A graduate of Lagan College, Northern Ireland’s first Integrated School, Raoul McLaughlin has written a remarkable book built on his 2006 doctoral dissertation at Queen’s University Belfast. Based on an ingenious and wide-ranging selection of primary sources that are buttressed by a selective group of secondary sources, McLaughlin’s work widens the horizons of the general reader and the scholar alike.

Perhaps an even more accurate title for this highly readable book could be “The Red Sea, the Indian Ocean, and the Fall of the Roman Empire,” as McLaughlin meticulously traces the rise and fall of Imperial naval expansion between 200 BCE and 200 AD, first into the eastern Mediterranean and from there, down the coast of East Africa as far as present-day Kenya, then across the Red Sea to the Arabian coast, and eventually across the Indian Ocean to the subcontinent. Further voyages reached today’s Sri Lanka and eventually the coast of Viet Nam, where Roman sailors met an embassy from the Chinese emperor, thereby establishing a short-lived but productive exchange of goods and information between the two greatest empires of the day.

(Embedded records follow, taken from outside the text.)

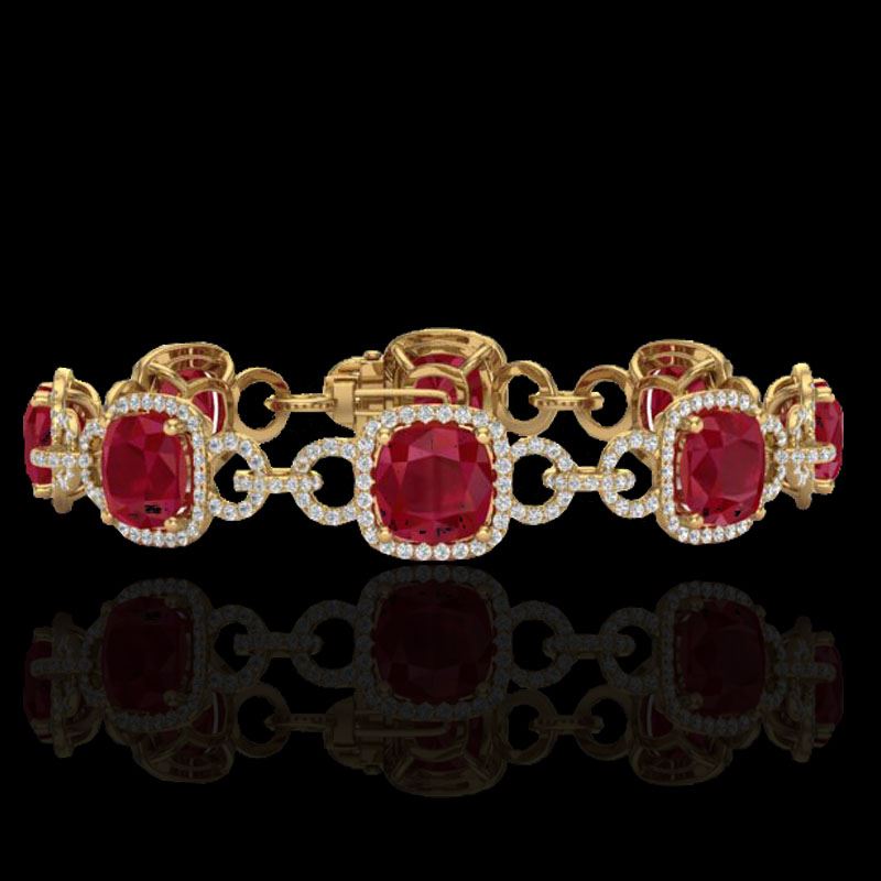 25 CTW Ruby & Micro VS/SI Diamond Certified Bracelet 14K Yellow Gold ---- Luxury Designer Brand Bracelet Appraised Retail Price at $32,700 ---- SKU Number US23029 14k Yellow gold Bracelet Size is 7 1/2 Inches, Bracelet measuring approx. 7/16"X7/16" , weighing in total approx. 20 grams. Made in the USA and is stamped 14k, Main stone 21.50 carat total weight containing 8 pieces of Mid-Opaque-Deep Red color with AAA quality Cushion shape cut Ruby , Stone #2 3.5 carat total weight containing 368 pieces of H-I color with VS/SI quality Round shape cut
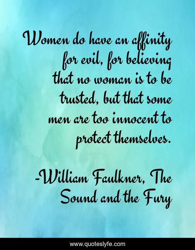 This page presents the quote "Women do have an affinity for evil, for believing that no woman is to be trusted, but that some men are too innocent to protect themselves.". Author of this quote is William Faulkner, The Sound and the Fury. This quote is about innocence, trust, evil, men, women,.
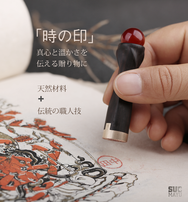 「時の印」には、多くのこだわりとメッセージが込められています。この小さな印鑑を手にしたその瞬間、悠久の「時」があなたと共にあるのを感じることでしょう。

Many firsts emerged from this global trade during the Imperial Era. Perhaps most importantly in terms of naval studies, Rome’s adoption of the Indian knowledge of the ocean’s monsoon winds. Roman trading ships could now abandon pilotage between landmarks for navigation on the open sea. Within days of leaving a Roman port on the Red Sea, these pioneering sailors reached the Indus River valley, unexplored by westerners since Alexander’s land invasion two centuries before. Roman mariners were seeking markets to exchange Roman gold and silver for the riches of the east, especially frankincense and myrrh, the main ingredients of incense, plus the jewels and spices otherwise unavailable in the west. These luxuries were purchased with Roman bullion and coins—silver coins were even more valuable than gold in Asian markets—which eventually caused a fatal imbalance in trade between Rome and the raw-material rich east.

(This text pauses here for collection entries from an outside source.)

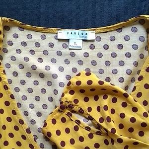 Sexy fit in vintage colors.100 percent rayon. 20" length 24" sleeve. Size is closer to an 8. Mustard gold with burgundy dots.
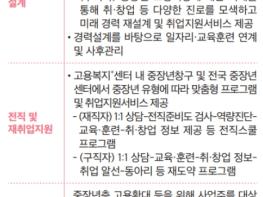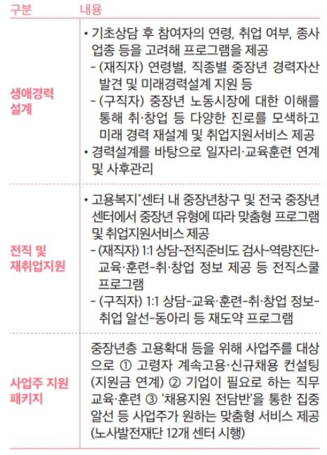 · 생애경력설계, 전직 및 재취업지원, 사업주지원패키지 등의 고용서비스 제공
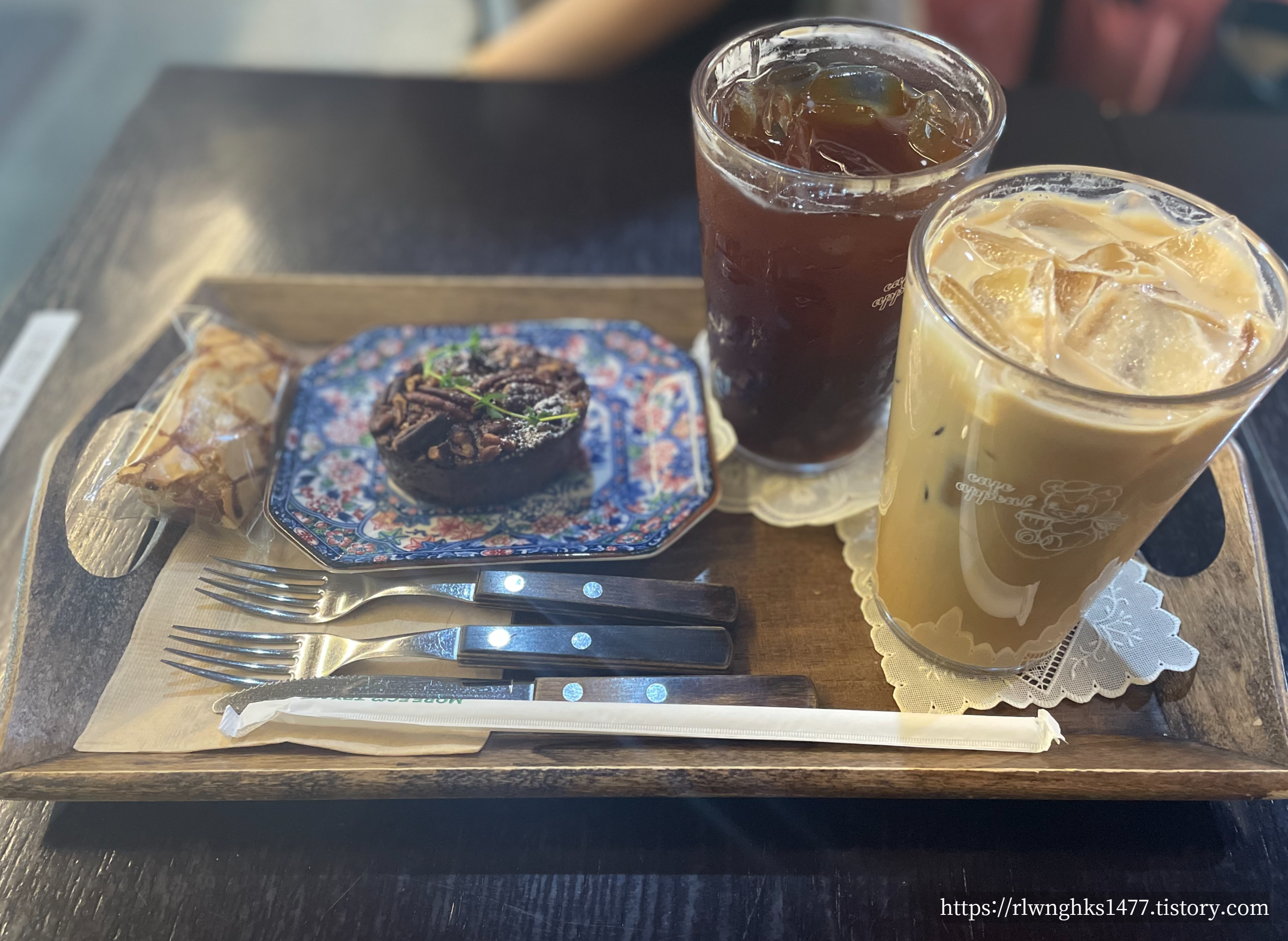 저희는 아이스 아메리카노와 연유라떼, 누네띠네 휘낭시에, 피칸파이를 시켰어요!! 조용하고 작지만 디저트 종류들도 많고 음료들 역시 다양했습니다.

McLaughlin links the growing costs of treasury-draining imperial expansion to its north and west—he sees the conquest of Britain as a Caesarian ego-boosting drain on Roman bullion resources, for instance—and the demand for Asian luxuries among the Roman elite. The combination of these two factors led to the growing inability of the Imperial government to fund the military that policed its borders. While the expansion of trade with the east enriched Roman life, its costs eventually outweighed its benefits, unleashing the complex series of events that caused the empire to split in two and leave its western half in a dark age where knowledge of ocean navigation and of the east was all but lost for the next thousand years.

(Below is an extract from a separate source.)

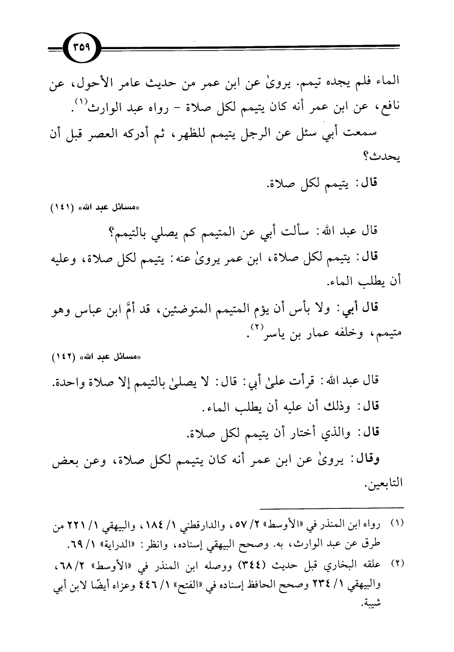 قال عبد اللَّه: سألت أبي عن المتيمم كم يصلي بالتيمم؟

Raoul McLaughlin’s sophisticated survey of the complexities of Roman economics, politics, and society offers pioneering insight into the fragility of Pax Romana despite its conquests and global reach in trade. His ground-breaking study of a world linked by oceans also calls into question the theory that the ancient world was more primitive than the modern or that history evolves in an ever-ascending arc from the barbaric to the civilized.

Dr. Nolan is a former history professor, at Loyola University, Chicago.